Section 1006.9’s purpose is “to eliminate certain abusive debt collection practices by debt collectors related to the global COVID-19 pandemic, to ensure that debt collectors who refrain from using such abusive debt collection practices are not competitively disadvantaged, and to promote consistent State action to protect consumers against such debt collection abuses.” It remains effective during the effective period of the order issued by the Centers for Disease Control and Prevention titled Halt in Residential Evictions to Prevent the Further Spread of COVID–19 (86 FR 16731 (Mar. 31, 2021)), as extended. That order has expired, so Section 1006.9 is no longer effective.

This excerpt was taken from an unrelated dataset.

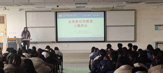 本网讯(图/文 高宇)为在校园营造崇尚文明、抵制邪教的良好校园氛围,迷妹网 于2023年春季学期开学初,积极开展反邪教宣传教育活动,组织全体师生学习《反邪教法制宣传读本》,召开主题班会,深入推进反邪教宣传教育工作,增强青年大学生“弘扬科学精神,抵制邪教侵蚀”的理念。

The CFPB overhaul of Reg F
The Consumer Financial Protection Act of 2010 (CFPA, 12 U.S.C. 5561 et seq.), the portion of the Dodd-Frank Act that gave life to the Consumer Financial Protection Bureau and transferred the authority and responsibility for issuing regulations under a number of consumer protection statutes, included the FDCPA among the statutes for which the Bureau “may prescribe rules with respect to the collection of debts by debt collectors.”
The CFPB also has rulemaking authority to issue regulations for providers of financial products and services with regard to activity deemed by the Bureau to be “unfair, deceptive or abusive acts or practices” (UDAAP).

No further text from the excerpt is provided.